第7章 DecisionTree Titanic 幸存者预测

数据分析

Titanic数据集（892行，12列的数据表格）
在这里插入图片描述
PassengerID,Name这两个数据明显与生存率无关，丢弃。

Carbin：仓位，虽然与生存率有一定关系，但数据大量丢失，而且没有更多的数据来对船舱进行归类，所以也丢弃。

Embarked：乘客登船的港口。需要把S/C/Q等数据转换为数值型数据！
Sex：性别。同样要转换成0，1数值型数据。

对于缺失数据，进行填充。

最后必须提取Survived列作为标注数据。

Pandas处理表格数据

将只有两个属性的特征（性别）转换为0，1可用布尔运算！下文还有一种方法：LabelEncoder()

将有多个属性的特征转换为0，1，2等数值型数据，用到：
unique()：Return unique values in the object
tolist()：Return a list of the values
apply()：Applies function along input axis of DataFrame
index()：Immutable ndarray implementing an ordered, sliceable set.

import matplotlib.pyplot as plt
import numpy as np
import pandas as pd

def read_dataset(fname):

    # 指定第一列作为行索引
    data = pd.read_csv(fname, index_col=0) 
    
    # 丢弃无用的数据
    data.drop(['Name', 'Ticket', 'Cabin'], axis=1, inplace=True)
    
    # 处理性别数据
    # 男性设为1，女性即为0
    data['Sex'] = (data['Sex'] == 'male').astype('int')
    
    # 处理登船港口数据
    labels = data['Embarked'].unique().tolist()
    data['Embarked'] = data['Embarked'].apply(lambda n: labels.index(n))
    
    # 处理缺失数据
    data = data.fillna(0)
    return data

train = read_dataset(r'C:\Users\Qiuyi\Desktop\titanic\train.csv')

train.head()

在这里插入图片描述

提取Survived标注数据，并划分训练集和测试集：

from sklearn.model_selection import train_test_split

y = train['Survived'].values
X = train.drop(['Survived'], axis=1).values

X_train, X_test, y_train, y_test = train_test_split(X, y, test_size=0.2)

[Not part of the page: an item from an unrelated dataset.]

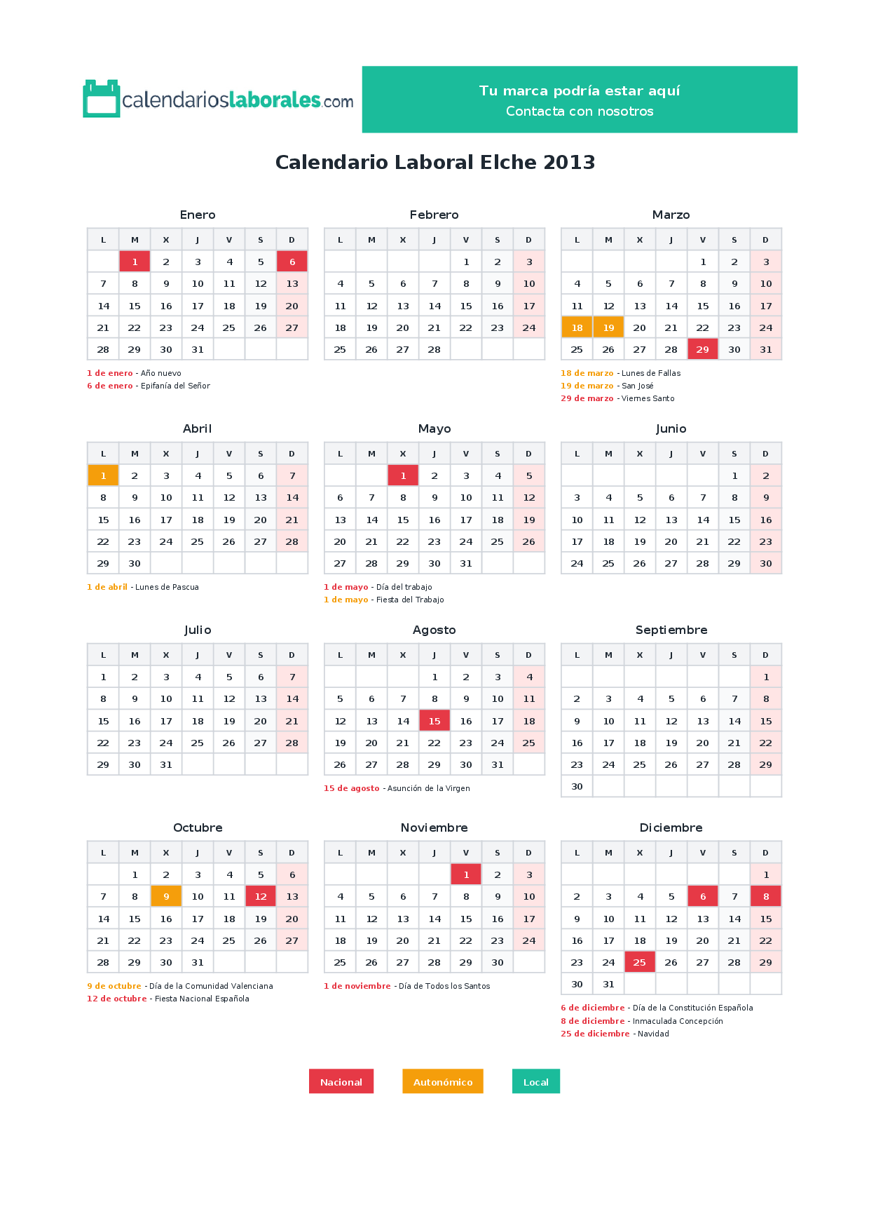En 2013, 10 festivos nacionales se celebran en todo el territorio español, incluidos en el calendario laboral de Elche.
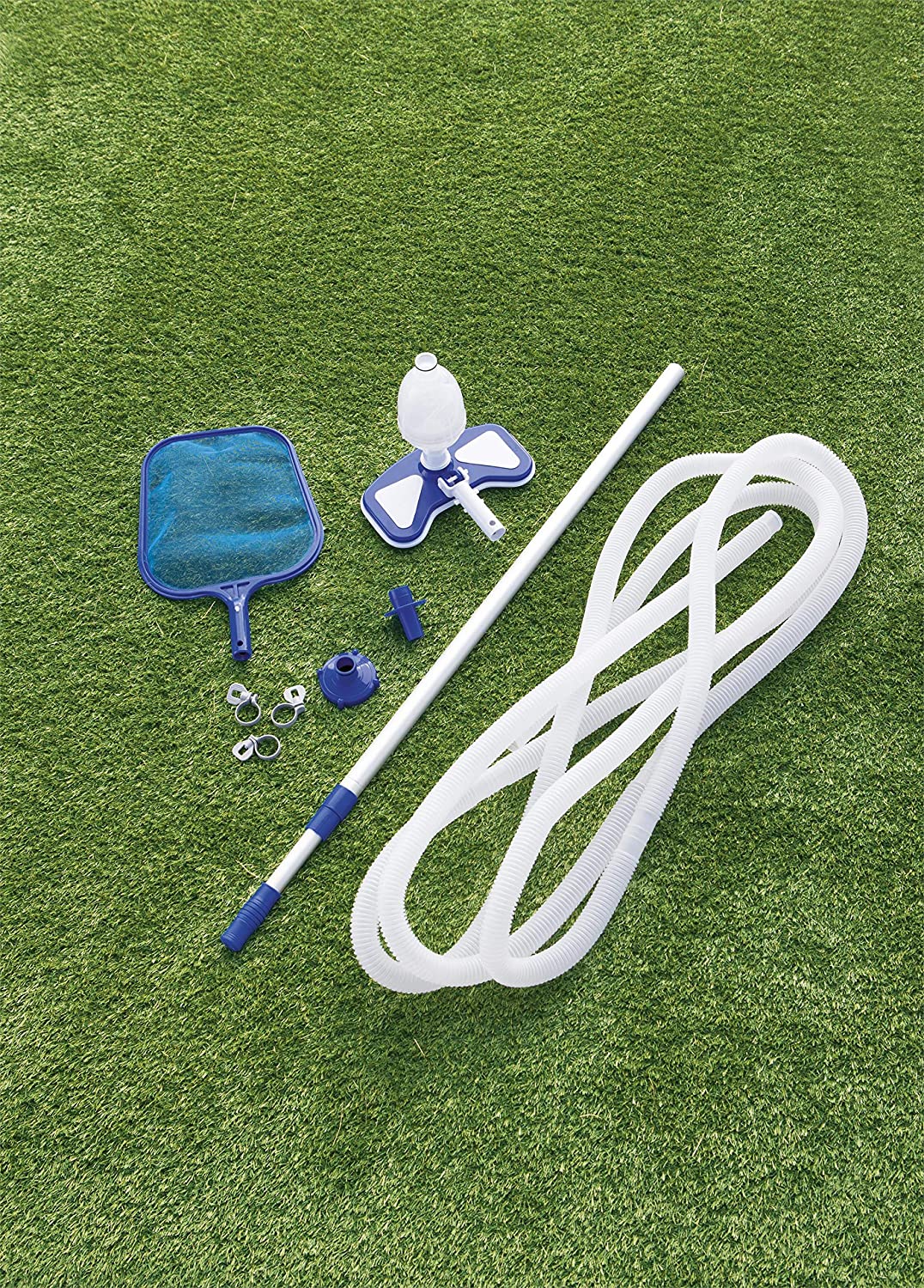 In un’unica confezione si dispone di tutto il necessario per una manutenzione efficace e precisa della vostra piscina all'aperto: un’asta telescopica da 2,79 metri, un retino per la pulizia della superficie dell’acqua e un sistema di aspirazione da collegare alla pompa di filtraggio della piscina stessa.

print('train dataset: {0}; test dataset: {1}'.format(
    X_train.shape, X_test.shape))

train dataset: (712, 7); test dataset: (179, 7)

用决策树训练

from sklearn.tree import DecisionTreeClassifier

clf = DecisionTreeClassifier()
clf.fit(X_train, y_train)
train_score = clf.score(X_train, y_train)
test_score = clf.score(X_test, y_test)
print('train score: {0}; test score: {1}'.format(train_score, test_score))

train score: 0.9859550561797753; test score: 0.7932960893854749

过拟合！
解决办法是剪枝，scikit-learn不支持后剪枝，因此用max_depth等参数进行前剪枝，当决策树达到限定深度时，就不再进行分裂了。这样就可以在一定程度上避免过拟合。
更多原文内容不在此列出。